Mohamed Alidou with the Association for the Protection of Unfortunate Children (APEM) told IRIN that customs and ignorance about childbirth lead people to label some babies as cursed "abnormalities" who must be destroyed immediately - by throat-slitting, poisoning or drowning, or slowly through abandonment and starvation. "Whatever the method, the goal is always the same: the physical elimination of the child," said Alidou.
Ya Mouda, 70, in the village of Ségbana - 500km north of the commercial capital Cotonou - said children with what are seen as deformities are feared. "Children born with teeth are considered as having come to this world to devour people, and especially if it is a girl. [The belief is that] she will kill her mother's family and her own mother."

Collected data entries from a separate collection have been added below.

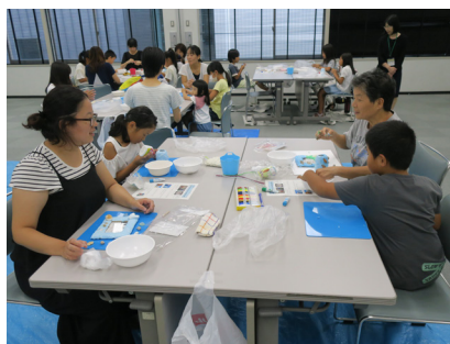
【制作】紙粘土と貝殻やシーグラスを使ってデコレーション
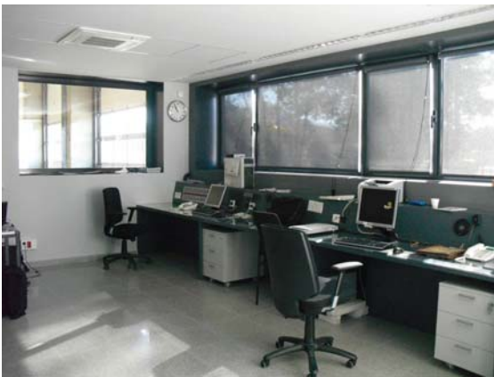
Sala de control del Parc
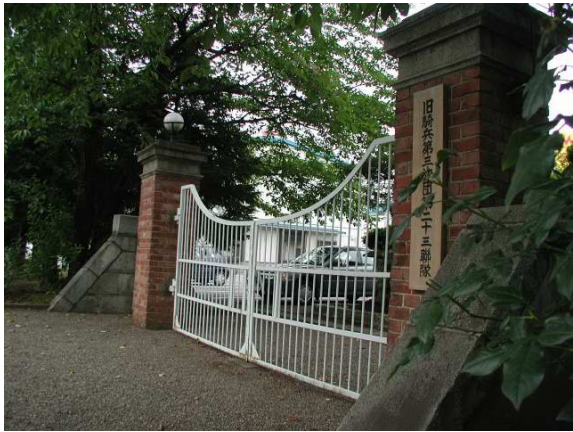
旧騎兵第三旅団通門
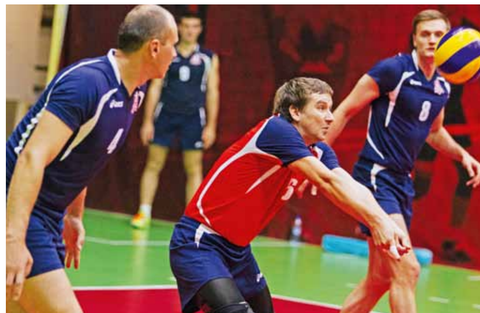
Открытием Кубка президента ОАО «РЖД» по волейболу 2016 стала команда Московской ж.д.

В результате квартет, бившийся за медали в плей-офф, выглядел так: команда Запсиба, свердловчане, уже не раз добивавшиеся до финала соревнований и завоевывавшие кубок, стремительно прогрессирующие забайкальцы и неожиданно для многих – москвичи, которые в прошлом розыгрыше Кубка были только вось-
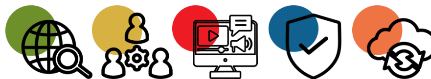
Tableau de synthèse par compétence
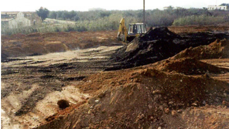
Foto N° 3 Tratamiento on site de suelo contaminado

Tratamiento ex situ (on site: a un lado del sitio): En este caso, el proceso se aplica cuando el suelo contaminado se excava y se traslada a un lado, a una celda de tratamiento.
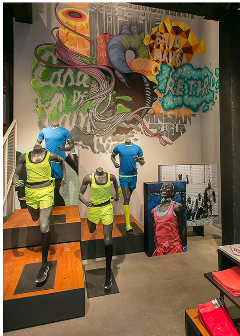
Figura: 3.8. Tienda insignia Nike, Madrid

En este caso, a diferencia de las tiendas insignia de Asics, cabe destacar que Nike contó con la creatividad del conocido grupo de artistas urbanos Boa Mistura, sus obras suelen desarrollarse en espacios públicos y tienen como objetivo mandar mensajes positivos en diferentes lenguas y culturas. Por ello, Nike se ha decantado por sus diseños, dada la energía que transmiten, lo cual está muy relacionado con el deporte. Gracias a la decoración realizada con graffitis en las paredes, se consigue un estilo urbano, cercano y moderno. Entre los diseños del colectivo creativo se encuentra el siguiente mural.
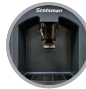
Kit de Distribution à Levier Hygiénique en Option Disponible (KHDSANLV)
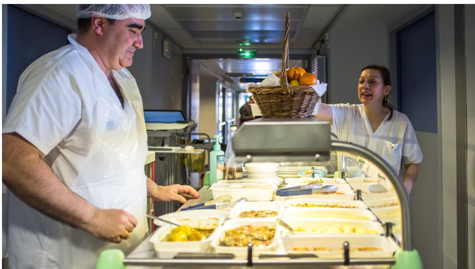
Les patients en long séjour se font servir par des aides-soignants dans le couloir, selon leurs goûts, avec un chariot « maître d'hôtel ». De quoi enthousiasmer les patients : « C'est génial, votre système ! », « Beaucoup plus appétissant que dans les petites barquettes »,... Et leur rendre leur humour : « vous avez oublié l'apéro ? »...
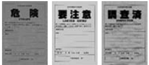
危険度ステッカー

そして調査の結果は、「危険」・「要注意」・「調査済」の3種類のステッカーで、建物の出入口等の見やすい場所に表示し、居住しておられる人はもとより付近を通行する歩行者などに対してもその建物の危険性について情報提供するものです。
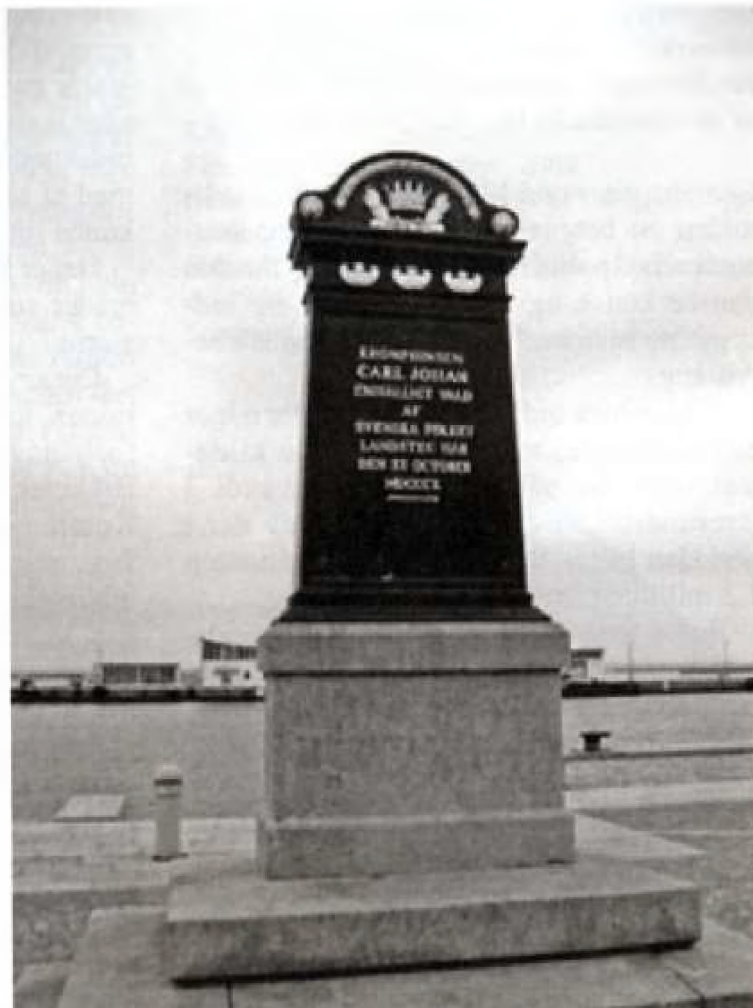
Monument på havnen i Helsingborg rejst til minde om Bernadottes ankomst til Helsingborg 20/10 1810

Han var fransk af fødsel, sprog, og patriotisk sindelag, født i Pau ved grænsen til Spanien i 1763. Faderen var jurist men uden økonomisk eller adelig baggrund, hvilket på den tid var nødvendigt for en karriere indenfor administration eller militærvæsen. Som 17 årig kom Jean Baptiste Bernadotte ind i militæret. Nogle år efter, ved den franske revolution 1789 forsvandt de adelige og økonomiske forudsætninger for en karriere. Yderligere et stort fremskridt for ham var, da Napoleon blev første konsul og senere (1804) kejser af Frankrig. På dette tidspunkt samarbejdede Napoleon og Berna-

Babies who emerge feet first are believed to have come to this earth to dominate, added Mouda.
Local author Victor Akpovi, who started documenting child ritual killings in 2004, told IRIN that communities practicing sorcery - mainly the Baatonou, Boko and Peul ethnic groups - vilify deformed or otherwise atypical babies as "witches out for human blood, man-eaters, criminals and cursed children."
Akpovi said family members secretly decide whether a newborn should be sentenced to death.

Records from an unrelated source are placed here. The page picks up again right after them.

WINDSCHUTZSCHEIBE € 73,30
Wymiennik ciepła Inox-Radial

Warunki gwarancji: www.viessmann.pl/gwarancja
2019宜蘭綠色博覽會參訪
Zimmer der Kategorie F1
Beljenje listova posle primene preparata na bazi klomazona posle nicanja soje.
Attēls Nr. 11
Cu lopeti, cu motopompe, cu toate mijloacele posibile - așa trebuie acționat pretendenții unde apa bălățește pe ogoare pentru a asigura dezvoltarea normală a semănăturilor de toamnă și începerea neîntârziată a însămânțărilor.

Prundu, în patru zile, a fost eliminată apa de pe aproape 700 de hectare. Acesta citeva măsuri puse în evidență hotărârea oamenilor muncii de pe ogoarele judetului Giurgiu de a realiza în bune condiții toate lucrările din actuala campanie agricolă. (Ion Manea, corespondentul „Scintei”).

APEM's Alidou said the secrecy thwarts attempts to measure the problem, but that ritual infanticide contributes to the country's high infant mortality rate.
Some 60 percent of children who are judged "abnormal" are killed, according to the Ministry of Family's director Nicolas Biaou, who oversees the northern regions of Borgou and Alibori - two heavily affected areas. "Cultural pride explains why the phenomenon persists. The Baatonou people, for example, want their group to be pure. Anyone judged as impure is eliminated."
For years, non-profit organisations, religious leaders and community members have intervened to rescue babies. APEM's Alidou said there are neighbourhoods made up of survivors. "Many children were saved by a traditional [village leader] chief, Omar Ky-Sama?They live in peace in Ségbana in a big neighbourhood."
But he said that children who escape ritual killings are still regarded as being cursed as adults. "There are moving testimonies [in northern communities Ségbana and Kalalé] of 50-year-old men who were able to escape one ?sentence,' only to face another," said Alidou.
"Even with our awareness campaigns, the phenomenon has not decreased," Alidou told IRIN. "We ask ourselves why people do not understand."
The government's Biaou told IRIN national attention to infanticides is limited because it is seen as a regional ethnic concern. "Because this is not considered a national problem affecting all ethnic groups, it is hard for us to push for a national law criminalising it."